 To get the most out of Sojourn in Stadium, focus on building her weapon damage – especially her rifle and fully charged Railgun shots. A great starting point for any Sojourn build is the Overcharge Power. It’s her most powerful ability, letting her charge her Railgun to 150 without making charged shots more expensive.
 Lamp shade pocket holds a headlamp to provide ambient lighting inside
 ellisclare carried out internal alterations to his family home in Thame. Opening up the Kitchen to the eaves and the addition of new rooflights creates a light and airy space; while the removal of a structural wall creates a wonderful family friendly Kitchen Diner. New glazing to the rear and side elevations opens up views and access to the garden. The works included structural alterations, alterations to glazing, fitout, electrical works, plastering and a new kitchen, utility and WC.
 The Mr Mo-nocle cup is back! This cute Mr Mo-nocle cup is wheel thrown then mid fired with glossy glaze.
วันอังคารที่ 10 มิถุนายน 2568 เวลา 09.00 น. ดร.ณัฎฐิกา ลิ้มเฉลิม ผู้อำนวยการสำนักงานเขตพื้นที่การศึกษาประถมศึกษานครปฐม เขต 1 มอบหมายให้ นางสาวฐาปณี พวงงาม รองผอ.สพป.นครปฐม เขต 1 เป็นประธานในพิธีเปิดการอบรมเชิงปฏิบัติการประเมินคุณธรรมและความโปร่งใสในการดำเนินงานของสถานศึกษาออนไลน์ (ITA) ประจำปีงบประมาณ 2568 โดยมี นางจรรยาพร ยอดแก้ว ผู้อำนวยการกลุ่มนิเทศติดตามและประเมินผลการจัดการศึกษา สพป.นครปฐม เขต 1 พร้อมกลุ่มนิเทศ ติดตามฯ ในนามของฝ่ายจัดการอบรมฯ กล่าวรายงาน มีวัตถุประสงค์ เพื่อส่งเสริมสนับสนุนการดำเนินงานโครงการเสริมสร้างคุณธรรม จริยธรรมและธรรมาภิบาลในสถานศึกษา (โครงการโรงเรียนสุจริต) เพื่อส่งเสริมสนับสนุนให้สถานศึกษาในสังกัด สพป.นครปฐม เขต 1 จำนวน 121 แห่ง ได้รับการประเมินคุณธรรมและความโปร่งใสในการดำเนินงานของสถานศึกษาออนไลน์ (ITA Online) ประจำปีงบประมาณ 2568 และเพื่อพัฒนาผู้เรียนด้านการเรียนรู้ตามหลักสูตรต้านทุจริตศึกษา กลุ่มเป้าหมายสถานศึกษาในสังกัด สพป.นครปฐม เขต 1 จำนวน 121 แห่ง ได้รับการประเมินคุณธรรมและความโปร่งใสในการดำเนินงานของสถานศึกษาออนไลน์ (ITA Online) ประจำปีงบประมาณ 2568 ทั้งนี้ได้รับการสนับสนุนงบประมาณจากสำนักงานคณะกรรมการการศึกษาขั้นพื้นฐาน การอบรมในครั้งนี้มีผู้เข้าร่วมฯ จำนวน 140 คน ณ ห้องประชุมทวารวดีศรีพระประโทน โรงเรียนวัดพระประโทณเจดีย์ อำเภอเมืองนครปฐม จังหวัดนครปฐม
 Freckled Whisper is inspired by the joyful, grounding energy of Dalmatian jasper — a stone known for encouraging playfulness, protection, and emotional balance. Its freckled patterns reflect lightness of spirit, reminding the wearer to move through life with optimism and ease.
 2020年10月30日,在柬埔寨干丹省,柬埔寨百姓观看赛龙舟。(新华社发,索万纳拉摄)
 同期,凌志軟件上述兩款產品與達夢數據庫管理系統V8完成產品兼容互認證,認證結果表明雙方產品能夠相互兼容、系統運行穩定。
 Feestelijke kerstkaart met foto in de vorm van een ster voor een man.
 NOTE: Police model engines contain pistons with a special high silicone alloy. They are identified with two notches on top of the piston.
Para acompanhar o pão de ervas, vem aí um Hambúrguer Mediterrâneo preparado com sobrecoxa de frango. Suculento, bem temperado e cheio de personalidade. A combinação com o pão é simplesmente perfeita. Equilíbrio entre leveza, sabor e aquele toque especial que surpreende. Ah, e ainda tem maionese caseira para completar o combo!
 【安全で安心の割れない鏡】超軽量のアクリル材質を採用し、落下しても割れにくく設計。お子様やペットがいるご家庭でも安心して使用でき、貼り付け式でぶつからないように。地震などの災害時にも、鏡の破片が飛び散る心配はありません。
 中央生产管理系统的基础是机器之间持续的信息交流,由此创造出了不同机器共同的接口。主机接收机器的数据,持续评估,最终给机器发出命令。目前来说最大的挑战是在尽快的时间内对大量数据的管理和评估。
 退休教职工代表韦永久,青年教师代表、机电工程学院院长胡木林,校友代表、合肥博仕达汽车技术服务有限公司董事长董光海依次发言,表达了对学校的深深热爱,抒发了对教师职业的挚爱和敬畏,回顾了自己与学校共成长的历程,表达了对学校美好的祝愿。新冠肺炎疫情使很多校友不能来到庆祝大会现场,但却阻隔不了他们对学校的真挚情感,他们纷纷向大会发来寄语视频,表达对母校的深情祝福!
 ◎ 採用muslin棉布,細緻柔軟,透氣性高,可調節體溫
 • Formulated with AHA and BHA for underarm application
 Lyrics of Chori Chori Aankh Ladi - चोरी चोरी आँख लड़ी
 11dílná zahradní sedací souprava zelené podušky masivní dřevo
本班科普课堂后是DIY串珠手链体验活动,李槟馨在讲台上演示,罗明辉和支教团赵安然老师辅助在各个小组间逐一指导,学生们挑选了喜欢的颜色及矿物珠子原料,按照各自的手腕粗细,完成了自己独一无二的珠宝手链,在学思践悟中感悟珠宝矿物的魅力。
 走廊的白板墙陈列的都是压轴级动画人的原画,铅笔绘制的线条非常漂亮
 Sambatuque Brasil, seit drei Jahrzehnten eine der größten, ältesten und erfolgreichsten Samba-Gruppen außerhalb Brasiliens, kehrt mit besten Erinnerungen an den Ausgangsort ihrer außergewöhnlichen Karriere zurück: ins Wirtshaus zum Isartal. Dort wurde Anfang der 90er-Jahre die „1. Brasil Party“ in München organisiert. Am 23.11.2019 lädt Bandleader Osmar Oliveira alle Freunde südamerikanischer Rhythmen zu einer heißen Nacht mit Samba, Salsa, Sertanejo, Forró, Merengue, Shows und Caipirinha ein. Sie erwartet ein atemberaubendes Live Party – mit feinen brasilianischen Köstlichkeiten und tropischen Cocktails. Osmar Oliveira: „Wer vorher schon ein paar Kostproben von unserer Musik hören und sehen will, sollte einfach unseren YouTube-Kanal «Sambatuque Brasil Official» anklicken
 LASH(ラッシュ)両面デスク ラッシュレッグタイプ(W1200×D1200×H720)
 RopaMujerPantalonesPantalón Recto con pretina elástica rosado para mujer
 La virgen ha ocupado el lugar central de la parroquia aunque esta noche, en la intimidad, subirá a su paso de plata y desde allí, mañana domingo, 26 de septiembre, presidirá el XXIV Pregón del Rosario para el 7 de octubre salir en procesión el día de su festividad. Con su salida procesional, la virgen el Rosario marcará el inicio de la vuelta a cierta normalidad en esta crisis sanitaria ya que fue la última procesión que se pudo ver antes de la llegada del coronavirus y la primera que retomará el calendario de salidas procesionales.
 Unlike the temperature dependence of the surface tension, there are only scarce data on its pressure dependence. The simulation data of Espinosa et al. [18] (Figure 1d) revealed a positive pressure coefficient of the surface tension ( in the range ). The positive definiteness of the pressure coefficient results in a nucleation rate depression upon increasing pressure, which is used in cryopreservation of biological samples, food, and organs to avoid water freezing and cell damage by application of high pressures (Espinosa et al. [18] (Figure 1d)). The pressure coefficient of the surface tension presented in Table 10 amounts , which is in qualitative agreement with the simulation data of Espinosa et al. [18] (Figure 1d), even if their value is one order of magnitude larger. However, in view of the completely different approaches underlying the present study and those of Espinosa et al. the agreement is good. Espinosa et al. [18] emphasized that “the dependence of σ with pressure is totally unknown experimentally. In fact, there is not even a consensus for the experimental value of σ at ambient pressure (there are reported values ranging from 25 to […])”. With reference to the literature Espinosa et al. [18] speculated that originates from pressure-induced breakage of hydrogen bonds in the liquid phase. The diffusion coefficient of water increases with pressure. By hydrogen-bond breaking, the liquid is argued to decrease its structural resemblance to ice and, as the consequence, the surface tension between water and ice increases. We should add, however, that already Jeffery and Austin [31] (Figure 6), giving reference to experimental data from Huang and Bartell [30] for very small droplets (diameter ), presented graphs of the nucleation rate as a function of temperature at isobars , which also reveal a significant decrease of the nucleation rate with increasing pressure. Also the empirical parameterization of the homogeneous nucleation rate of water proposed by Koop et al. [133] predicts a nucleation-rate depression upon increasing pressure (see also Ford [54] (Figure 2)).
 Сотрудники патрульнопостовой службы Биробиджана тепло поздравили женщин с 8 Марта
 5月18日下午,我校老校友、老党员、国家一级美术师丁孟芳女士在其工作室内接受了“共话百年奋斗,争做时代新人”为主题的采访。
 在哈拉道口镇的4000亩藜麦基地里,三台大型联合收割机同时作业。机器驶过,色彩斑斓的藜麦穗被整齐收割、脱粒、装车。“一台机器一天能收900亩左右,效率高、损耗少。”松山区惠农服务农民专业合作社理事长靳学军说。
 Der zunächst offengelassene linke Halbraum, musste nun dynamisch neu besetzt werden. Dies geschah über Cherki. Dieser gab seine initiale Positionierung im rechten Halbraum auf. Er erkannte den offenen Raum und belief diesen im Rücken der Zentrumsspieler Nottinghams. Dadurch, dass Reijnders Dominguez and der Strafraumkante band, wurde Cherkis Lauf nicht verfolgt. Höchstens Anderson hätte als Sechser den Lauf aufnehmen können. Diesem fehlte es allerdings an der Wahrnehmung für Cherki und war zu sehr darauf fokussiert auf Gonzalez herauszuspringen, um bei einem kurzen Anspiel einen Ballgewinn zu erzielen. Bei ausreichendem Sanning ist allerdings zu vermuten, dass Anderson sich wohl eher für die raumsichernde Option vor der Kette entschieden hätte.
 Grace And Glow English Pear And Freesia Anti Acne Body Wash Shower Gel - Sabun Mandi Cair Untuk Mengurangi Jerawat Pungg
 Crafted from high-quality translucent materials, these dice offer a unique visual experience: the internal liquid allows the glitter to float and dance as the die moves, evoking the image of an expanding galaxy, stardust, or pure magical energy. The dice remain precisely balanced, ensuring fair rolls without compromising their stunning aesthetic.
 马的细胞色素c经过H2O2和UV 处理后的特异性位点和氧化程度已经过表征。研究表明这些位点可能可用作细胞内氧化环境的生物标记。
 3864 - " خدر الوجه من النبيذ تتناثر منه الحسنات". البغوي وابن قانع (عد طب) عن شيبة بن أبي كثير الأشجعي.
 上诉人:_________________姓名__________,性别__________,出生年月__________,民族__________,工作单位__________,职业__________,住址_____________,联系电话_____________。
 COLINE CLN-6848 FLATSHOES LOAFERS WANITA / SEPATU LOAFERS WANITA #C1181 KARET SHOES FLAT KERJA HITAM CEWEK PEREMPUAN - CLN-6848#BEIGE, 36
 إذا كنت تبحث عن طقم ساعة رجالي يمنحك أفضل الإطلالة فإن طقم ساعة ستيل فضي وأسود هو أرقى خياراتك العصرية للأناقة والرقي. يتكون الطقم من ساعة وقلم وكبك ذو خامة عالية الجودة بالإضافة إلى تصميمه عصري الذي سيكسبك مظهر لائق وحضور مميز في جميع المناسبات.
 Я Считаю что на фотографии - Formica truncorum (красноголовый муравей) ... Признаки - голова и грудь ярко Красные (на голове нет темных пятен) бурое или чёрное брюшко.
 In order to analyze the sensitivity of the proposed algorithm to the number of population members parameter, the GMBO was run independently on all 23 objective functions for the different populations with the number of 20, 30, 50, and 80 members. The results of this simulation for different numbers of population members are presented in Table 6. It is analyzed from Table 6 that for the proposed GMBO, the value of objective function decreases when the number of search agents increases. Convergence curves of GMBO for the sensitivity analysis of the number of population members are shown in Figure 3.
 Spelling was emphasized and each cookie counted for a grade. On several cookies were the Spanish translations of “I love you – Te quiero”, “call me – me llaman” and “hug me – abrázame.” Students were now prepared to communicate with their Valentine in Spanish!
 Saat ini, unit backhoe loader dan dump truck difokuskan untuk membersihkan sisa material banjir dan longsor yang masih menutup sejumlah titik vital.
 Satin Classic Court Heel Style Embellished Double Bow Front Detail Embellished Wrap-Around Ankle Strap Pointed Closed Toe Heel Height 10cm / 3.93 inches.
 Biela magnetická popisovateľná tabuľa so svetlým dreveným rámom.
________
» **ACTIVITY**:
An exact copy of the lines above between the line holding "The Mr Mo-nocle" and the line holding "NOTE: Police model", inclusive, is the whole answer.

» **ANSWER SECTION**:
 The Mr Mo-nocle cup is back! This cute Mr Mo-nocle cup is wheel thrown then mid fired with glossy glaze.
วันอังคารที่ 10 มิถุนายน 2568 เวลา 09.00 น. ดร.ณัฎฐิกา ลิ้มเฉลิม ผู้อำนวยการสำนักงานเขตพื้นที่การศึกษาประถมศึกษานครปฐม เขต 1 มอบหมายให้ นางสาวฐาปณี พวงงาม รองผอ.สพป.นครปฐม เขต 1 เป็นประธานในพิธีเปิดการอบรมเชิงปฏิบัติการประเมินคุณธรรมและความโปร่งใสในการดำเนินงานของสถานศึกษาออนไลน์ (ITA) ประจำปีงบประมาณ 2568 โดยมี นางจรรยาพร ยอดแก้ว ผู้อำนวยการกลุ่มนิเทศติดตามและประเมินผลการจัดการศึกษา สพป.นครปฐม เขต 1 พร้อมกลุ่มนิเทศ ติดตามฯ ในนามของฝ่ายจัดการอบรมฯ กล่าวรายงาน มีวัตถุประสงค์ เพื่อส่งเสริมสนับสนุนการดำเนินงานโครงการเสริมสร้างคุณธรรม จริยธรรมและธรรมาภิบาลในสถานศึกษา (โครงการโรงเรียนสุจริต) เพื่อส่งเสริมสนับสนุนให้สถานศึกษาในสังกัด สพป.นครปฐม เขต 1 จำนวน 121 แห่ง ได้รับการประเมินคุณธรรมและความโปร่งใสในการดำเนินงานของสถานศึกษาออนไลน์ (ITA Online) ประจำปีงบประมาณ 2568 และเพื่อพัฒนาผู้เรียนด้านการเรียนรู้ตามหลักสูตรต้านทุจริตศึกษา กลุ่มเป้าหมายสถานศึกษาในสังกัด สพป.นครปฐม เขต 1 จำนวน 121 แห่ง ได้รับการประเมินคุณธรรมและความโปร่งใสในการดำเนินงานของสถานศึกษาออนไลน์ (ITA Online) ประจำปีงบประมาณ 2568 ทั้งนี้ได้รับการสนับสนุนงบประมาณจากสำนักงานคณะกรรมการการศึกษาขั้นพื้นฐาน การอบรมในครั้งนี้มีผู้เข้าร่วมฯ จำนวน 140 คน ณ ห้องประชุมทวารวดีศรีพระประโทน โรงเรียนวัดพระประโทณเจดีย์ อำเภอเมืองนครปฐม จังหวัดนครปฐม
 Freckled Whisper is inspired by the joyful, grounding energy of Dalmatian jasper — a stone known for encouraging playfulness, protection, and emotional balance. Its freckled patterns reflect lightness of spirit, reminding the wearer to move through life with optimism and ease.
 2020年10月30日,在柬埔寨干丹省,柬埔寨百姓观看赛龙舟。(新华社发,索万纳拉摄)
 同期,凌志軟件上述兩款產品與達夢數據庫管理系統V8完成產品兼容互認證,認證結果表明雙方產品能夠相互兼容、系統運行穩定。
 Feestelijke kerstkaart met foto in de vorm van een ster voor een man.
 NOTE: Police model engines contain pistons with a special high silicone alloy. They are identified with two notches on top of the piston.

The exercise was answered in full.